Task statement:
Pictures in the listing below are skipped, while the lines from the "こん虫などの虫はどんなところ" line through the "li avevano aiutati." line are returned word for word.

Given records:

----------

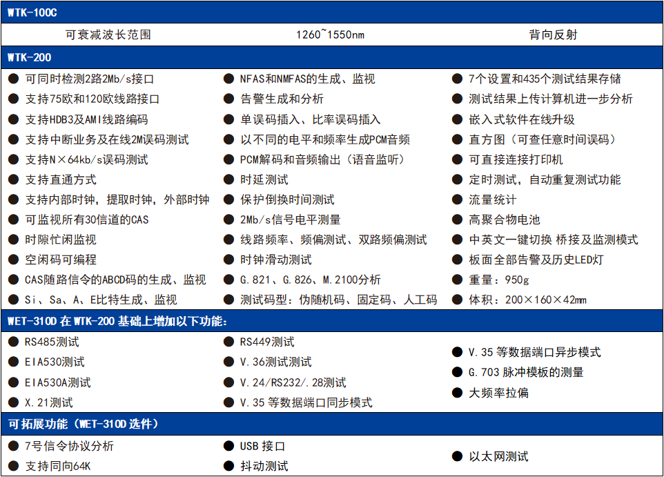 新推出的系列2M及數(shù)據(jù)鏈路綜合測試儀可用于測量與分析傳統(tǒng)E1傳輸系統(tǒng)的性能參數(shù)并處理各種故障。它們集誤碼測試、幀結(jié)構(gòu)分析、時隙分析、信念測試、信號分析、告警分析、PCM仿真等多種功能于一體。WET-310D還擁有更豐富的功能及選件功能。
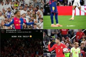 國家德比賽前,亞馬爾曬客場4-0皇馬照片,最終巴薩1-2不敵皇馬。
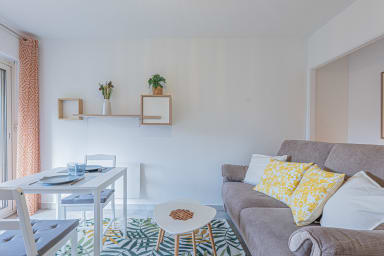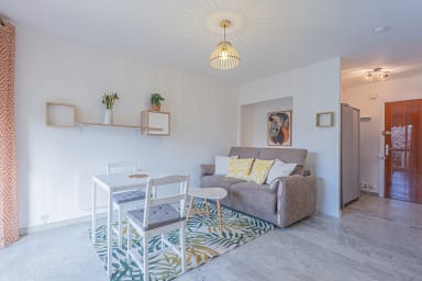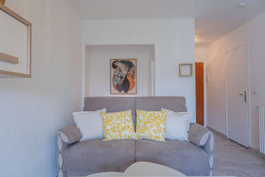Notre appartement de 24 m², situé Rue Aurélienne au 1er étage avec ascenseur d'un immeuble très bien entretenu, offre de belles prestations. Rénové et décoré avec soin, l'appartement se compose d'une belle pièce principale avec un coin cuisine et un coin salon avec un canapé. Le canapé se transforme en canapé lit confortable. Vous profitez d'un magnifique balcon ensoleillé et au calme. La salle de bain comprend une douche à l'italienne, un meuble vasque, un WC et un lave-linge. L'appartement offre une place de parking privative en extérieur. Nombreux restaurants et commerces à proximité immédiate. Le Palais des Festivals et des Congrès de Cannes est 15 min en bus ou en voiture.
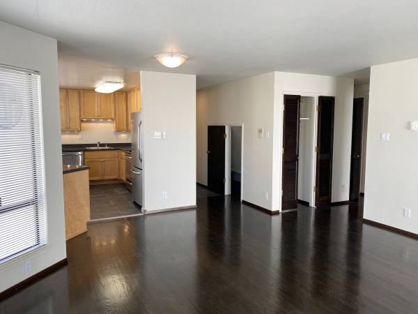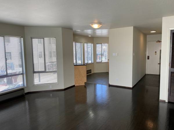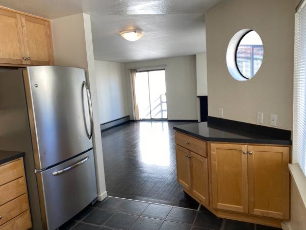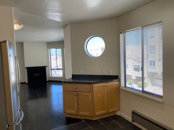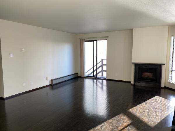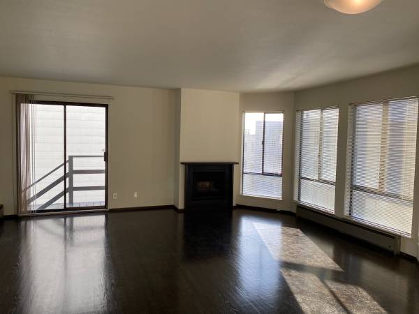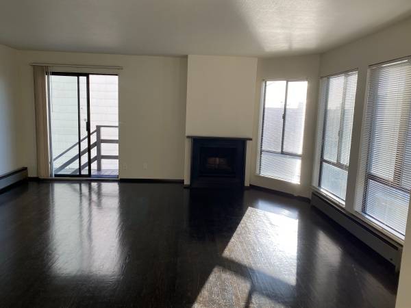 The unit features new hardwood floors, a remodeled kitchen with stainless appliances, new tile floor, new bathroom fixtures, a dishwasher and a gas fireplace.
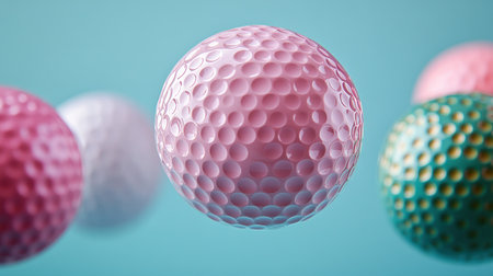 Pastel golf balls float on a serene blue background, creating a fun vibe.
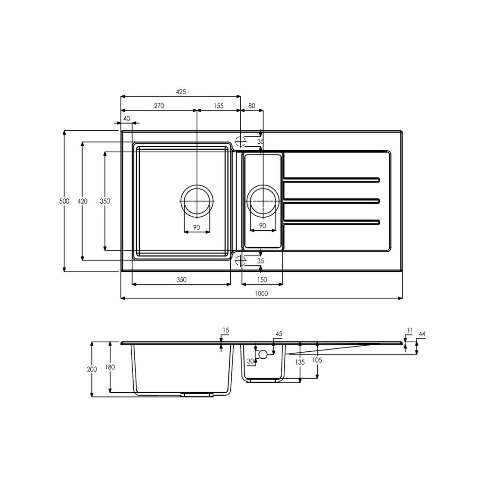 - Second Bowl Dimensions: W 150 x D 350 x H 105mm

----------

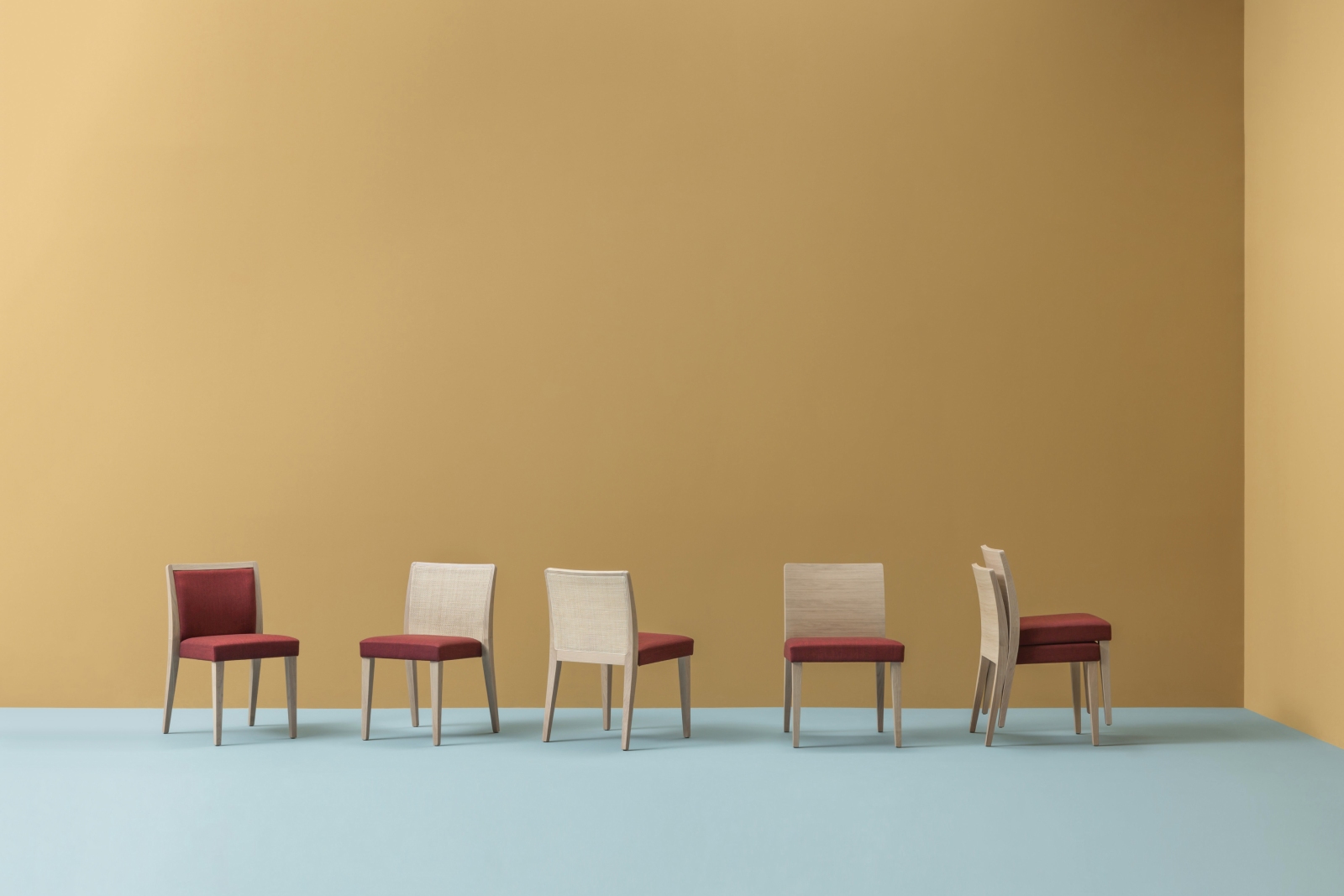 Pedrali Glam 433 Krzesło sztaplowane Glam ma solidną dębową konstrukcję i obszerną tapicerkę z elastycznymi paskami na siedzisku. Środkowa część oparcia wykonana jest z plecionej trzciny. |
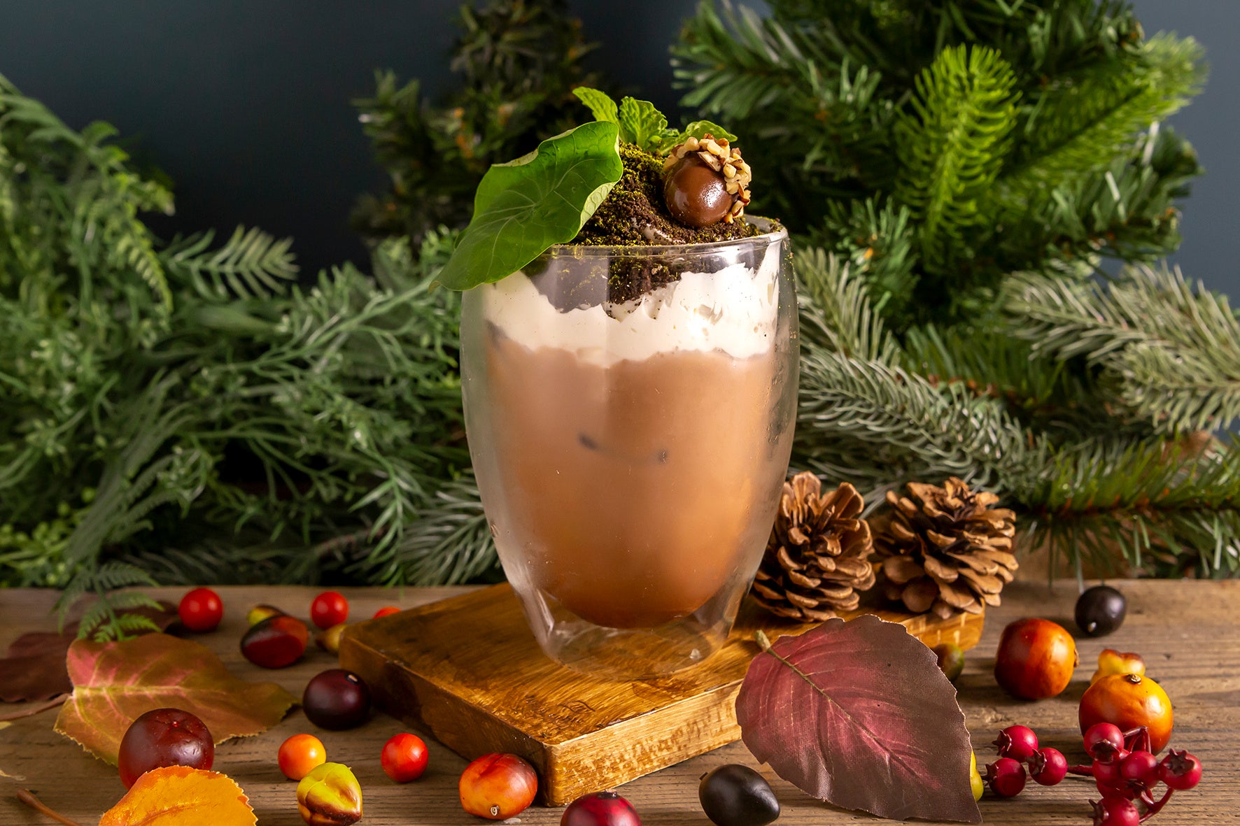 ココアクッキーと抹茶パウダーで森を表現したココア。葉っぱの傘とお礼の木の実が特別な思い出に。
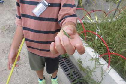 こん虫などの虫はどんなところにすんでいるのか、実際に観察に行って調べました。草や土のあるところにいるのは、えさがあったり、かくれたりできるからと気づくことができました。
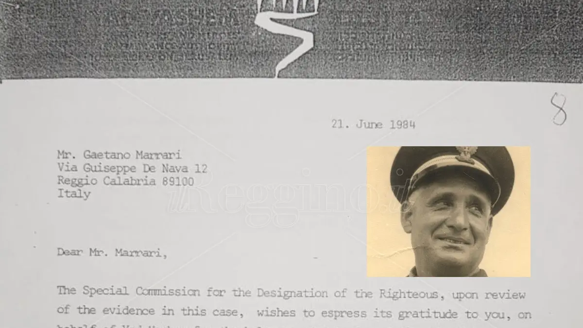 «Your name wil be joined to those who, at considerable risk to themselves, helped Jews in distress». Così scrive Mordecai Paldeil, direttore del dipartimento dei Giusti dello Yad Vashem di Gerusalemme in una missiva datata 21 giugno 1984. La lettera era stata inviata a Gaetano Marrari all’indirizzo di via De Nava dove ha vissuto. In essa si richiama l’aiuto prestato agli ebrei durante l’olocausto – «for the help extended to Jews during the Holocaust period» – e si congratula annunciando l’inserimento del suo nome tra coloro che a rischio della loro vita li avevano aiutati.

----------

Final answer:
 こん虫などの虫はどんなところにすんでいるのか、実際に観察に行って調べました。草や土のあるところにいるのは、えさがあったり、かくれたりできるからと気づくことができました。
 «Your name wil be joined to those who, at considerable risk to themselves, helped Jews in distress». Così scrive Mordecai Paldeil, direttore del dipartimento dei Giusti dello Yad Vashem di Gerusalemme in una missiva datata 21 giugno 1984. La lettera era stata inviata a Gaetano Marrari all’indirizzo di via De Nava dove ha vissuto. In essa si richiama l’aiuto prestato agli ebrei durante l’olocausto – «for the help extended to Jews during the Holocaust period» – e si congratula annunciando l’inserimento del suo nome tra coloro che a rischio della loro vita li avevano aiutati.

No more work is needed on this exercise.